How will this scale for studies working with huge datasets?
It's great to provide analyses that can be completely rerun by other researchers. But sometimes it's just not feasible for someone else to go rerun your analysis of 200TB of sequencing data that you ran across hundreds of nodes on the cloud. I don't know what the perfect reproducibility solution is for such huge studies, but maybe there is a partial solution. You can at least provide the code and computing environment that was used for the analyses. Ideally you would provide a subset of the data that another person can rerun and see that they get the same results. For instance, if your study processed 3,000 sequencing datasets, provide a Docker with the code that will allow someone to rerun the analysis on a single or several genomes. Also provide the processed datasets and the code used to create figures and downstream analyses.
Docker should not replace writing good code
One argument against the Docker solution is that you can still publish crappy code and distribute it in a docker.
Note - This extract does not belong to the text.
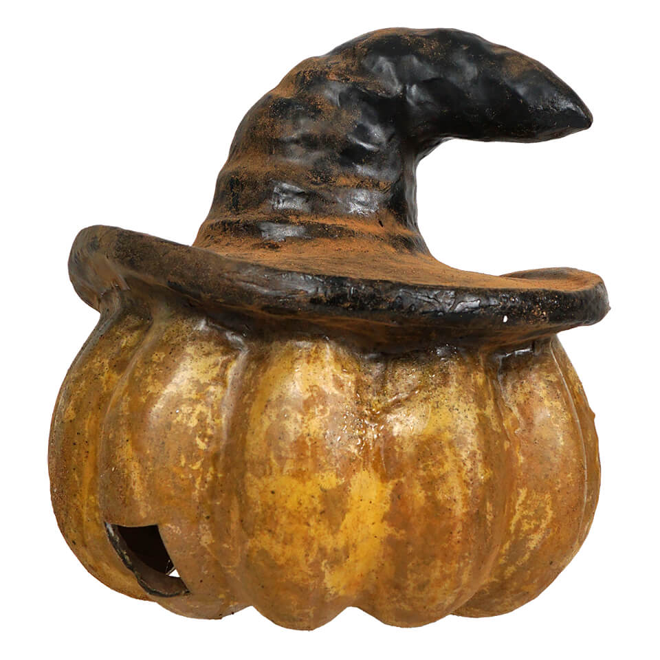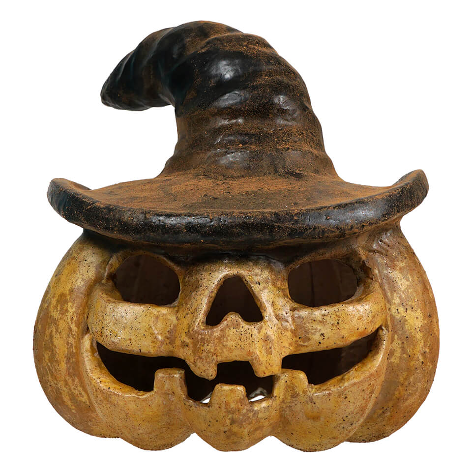 Add that perfect touch of warm spice to your fall decor with this classic Jack o' lantern decoration. The Carved Mustard Pumpkin With Black Hat has both a timeless look as well as a fabulous fall aroma that is sure to captivate your guests this fall season. This paper mache jack o' lantern's light dusting of cinnamon. not only gives it its cozy scent but also enhances its rustic charm. Make it the centerpiece of a table display or give it a place among a collection of paper mache pumpkins. This piece has a charming quality that embodies the essence of the season. no matter where you decide to put it!

You could even supply just a binary file with no source code in a docker. But that wouldn't be very useful or in the spirit of reproducibility. Wouldn't a better solution be if you just made your code open source and able to compile and run easily on most reasonable systems?
I don't think Docker should replace the need to write good, clean easily runnable code. But I do think there is a tradeoff here between how much time a bioinformatician spends getting the code to run everywhere vs. how much time the user has to invest. The bioinformatician could spend a month making his or her code run smoothly everywhere, or could spend a day making it work once on a Docker, with probably a little bit of extra effort on the part of users to use Docker. But of course neither of these options should give an excuse to write bad code.
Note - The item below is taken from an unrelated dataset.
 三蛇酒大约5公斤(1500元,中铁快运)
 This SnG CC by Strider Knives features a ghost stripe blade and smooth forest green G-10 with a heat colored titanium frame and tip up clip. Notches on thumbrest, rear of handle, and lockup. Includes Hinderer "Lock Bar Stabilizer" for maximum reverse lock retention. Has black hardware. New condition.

Related to this, I don't think Docker is the solution to everything. I think if you have some R/Python/etc. scripts that you used for analysis and to make figures, Docker is a great way to make them easily runnable by other people in such a way that does not require them to install a bunch of libraries, deal with setting up paths, etc. BUT, if you're publishing a tool for which you expect heavy duty use from a lot of people on their own datasets (e.g. GATK, bwa, Bowtie, etc.), it's not enough to put it in a Docker and have it run. If you want people to use your tool, it's going to have to run well on a variety of systems and you're going to have to put in that effort.

Conclusion

I would love to hear what others think and discuss this and other options for improving reproducibility. Like I mention above, I don't think Docker is the perfect solution, or that a single perfect solution exists, but I think it solves a lot of problems and is a step in the right direction.

Special thanks to Assaf Gordon and Alon Goren for all the great conversations about this.